I had looked at the early stylometery studies and did find them wanting.
While I know I will need to look at what you’ve presented here more carefully, there does seem to be something worth that more careful reading.
I am interested in available data sets if I want to replicate your work. Where can I find the specific Book of Mormon divisions used for different parts of the analysis? For instance, when you did the “Joseph Smith and the Prophetic Voice” section, I want to know what counts under “Mormon Scripture” for “Joseph Smith and Mormon Scripture”. Did scripture that includes large quotations of other scripture get included? What happens if I include Joseph Smith (personal) and Isaiah?
Hi Jacob,
I’m glad to see your interest. None of this work is mine. If you follow the links through my series at exploring sainthood, you can find all of the references I used, including links to many of the articles. I can provide access to other articles I used that aren’t free if you message me privately for specific articles.
I looked at the wherefore/therefore shift in a little more detail and shared my thoughts here: http://jonathan.metacannon.net/2015/08/mosiah-priority-or-changing-authors.html
Your examples of phrases indicating unity of authorship are all contextual words. As such they are not strong indicators of unity of authorship. It is as or more likely that they indicate unity of genre, or unity of translator in my understanding of stylometry. There is certainly more work to be done, though, for those who are interested. While I think it’s a fool’s errand to look for single authorship, I’d like to see if there is a natural explanation of syntactical oddities observed by Stanford Carmack. There are also many interesting unasked questions about how translation plays into stylometry that could have bearing on understanding the Book of Mormon.
Comment
Jacob H.,
Also, I’m not sure I trust Hilton’s “didactic writing” genre. I don’t know of any work that controls for the well-evidenced shifting in author word choices over the course of the narration (the wherefore/therefore shift is only one of many shifts), which seem to be important to factor into the studies, or to prove not important. Hilton also didn’t account for a major difference between Alma and Nephi — audience, one being contemporary and the other the expected future readers of the text. Alma’s sermons seem better compared to Jacob’s, Mormon’s, and Benjamin’s, despite their relative paucity. Nephi’s didactic writings better fit the same genre as some of Mormon’s, and Moroni’s. So rather than buy into the idea that somehow Nephi and Alma represented the same “genre” in their didactic writings, it seems to me that the workable data space in which to test hypotheses was unfortunately heavily reduced by Hilton’s choice.
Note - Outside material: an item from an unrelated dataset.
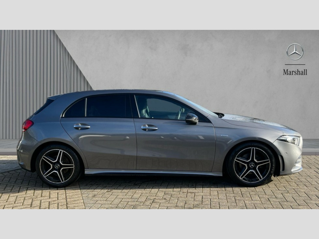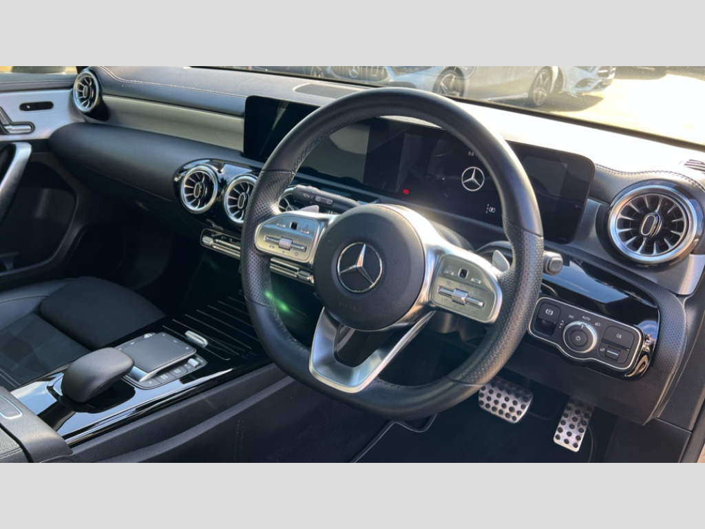 Mercedes-Benz A Class A200 AMG Line Premium Plus Edition 5dr Auto 10.25" Digital instrument cluster display screen, 10.25" media display, 180 degree rear view camera with parking guidelines, Active parking assist with visual and audible warning of detected obstacles, Attention assist, Brake pad wear indicator warning light, Car wash mode, Direct steering, Dual bluetooth interfaces, DYNAMIC SELECT with a choice of driving modes (ECO, Comfort, Sport and Individual), ECO start/stop function, Fluid level warning indicator for fuel, oil, coolant and washer fluid, Hard-disk navigation, Hey Mercedes Voice activation, Lamp failure indicator, Lane keeping system, Mercedes me connect including emergency call system, accident recovery, breakdown and maintenance management, Mercedes me remote services, Outside temperature gauge, Owners manual in English, Pre-installation for private car sharing, Preinstallation for Mercedes Benz link, Service indicator (ASSYST), Smartphone integration with Apple CarPlay and Android auto, Traffic sign assist, Trip computer, Ultrasonic sensors positioned in the front and rear bumpers, Lowered comfort suspension, Rear axle torsion beam, 10 speakers, 2 USB ports (type C) in rear stowage compartment and one in front of center console, DAB Digital radio, MBUX multimedia system with DAB digital radio and touchpad including satellite navigation, Mercedes-Benz sound system - 100W, 4 Electric Front and Rear windows, Adaptive brake lights, AMG bodystyling - Front apron with splitter in chrome, rear apron with chrome trim and chrome visible trim elements in tailpipe, Black weather strip, Body colour bumpers, Body colour door handles, Body colour side skirt, Body coloured door mirrors, Electric adjustable and heated door mirrors with integrated LED side indicators, Exclusive diamond radiator grille, Exhaust system - Twin visible tailpipes in polished stainless steel, Headlamp assist automatic headlamp activation, Heated glass rear windscreen + timer control, High gloss black beltline, LED High level third brake light, LED tail lamp, Multibeam LED with adaptive highbeam assist plus, Panoramic sliding sunroof, Privacy glass, Radio aerial, Rain sensing windscreen wipers with two sensitivity settings, Rear fog lights, Rear wiper, Window line trim strip in high gloss black, 3 Spoke flat bottom leather multi function steering wheel with perforated leather in grip area, 40:20:40 split folding rear seats, Artico man-made leather/Microfibre Dinamica upholstery with contrast stitching in light grey, Auto Mercedes-Benz child seat recognition sensor, Black air vents with surround in silver chrome, Black roof lining, Brushed stainless steel sports pedals with rubber studs, Controller on centre console with chrome surround, Floor mats with black top stitching and embroidered edition logo and piping in light grey, Front centre armrest with storage compartment, Front seat backs luggage nets, Front seat cushion length adjustment, Galvanished gear shift paddles on steering wheel, Heated front seats, Height/reach adjustable steering column, Illuminated front door sills with changeable cover, Interior lighting - 64 colour Ambient lighting, Interior mirror with reading lamps in black and frameless, Rear armrest with 2 cupholders, Rear head restraints, Seat occupancy sensor for front passenger seat, Sports seats with integrated headrests, Stowage compartment in centre console with retractable cover, Sunvisors with illuminated vanity mirrors, Touchpad on center console, Twin front cupholders, Two zone thermotronic luxury automatic climate control, Light and sight pack - A Class, Mirror package - A Class, Night pack - A Class Saloon/Hatchback, Seat comfort pack - A Class, 3 rear 3 point seatbelts, ABS with Brake Assist, Active bonnet, Adaptive brake assist with hold function and hill start assist, Black seatbelts, Childproof locks manually operated for rear doors and electrically operated for rear power windows, Crash responsive emergency lighting, Driver and passenger head and side airbags, Drivers knee airbag, Dual stage driver/passenger airbags, Electronic parking brake, ESP curve dynamic assist, ESP with ASR, Front and rear seatbelt reminder, Front brake callipers with Mercedes Benz lettering, ISOFIX and top tether child seat fixing points in two outer rear seats, Tyre pressure monitoring system, Warning triangle and first aid kit, Window airbags, Alarm system/interior protection/immobiliser, Keyless entry lock/unlock, Keyless Go, Remote central locking and crash sensor with emergency opening function, Urban guard vehicle protection system with immobiliser and interior protection, Matrix look light longitudinal grain aluminium trim element, 18" AMG 5 twin spoke light alloy wheels aerodynamically optimised painted in black with highsheen finish, Summer tyres, Tirefit sealant kit

Also, with regard to ngrams. It seems to me that one stylistic feature of the entire BoM text and much of the D&C is the frequent formulaic coupling of words — horses and chariots, flocks and herds, wickedness and abominations, wars and contentions, great and marvelous, great and terrible, gold and silver, priests and teachers, power and authority, revelation and prophecy, wars and contentions, sacrifice and burnt offerings, etc. Some kind of bag of words (rather than ngrams, because of variations on the couplings) analysis at the sentence level, after controlling for the many longer biblical quotes in the text, really ought to be done. My own non-computerized search along these lines strongly suggests a unity of authorship, but I am not situated to do such an analysis myself for quite some time.
Ok Rob
Thank you Jonathan
Wow! This might contend for the laziest scholarly work I’ve found in Stylometry. You’ve made random assertions without any demonstration of your methods and pasted a lot of graphics to confound your readers. Any Mormon looking for an excuse to believe will love this. Any scholar looking for real data just waisted their time.
Could you please quote the 1992 study by Holmes and demonstrate exactly how you’d do it differently.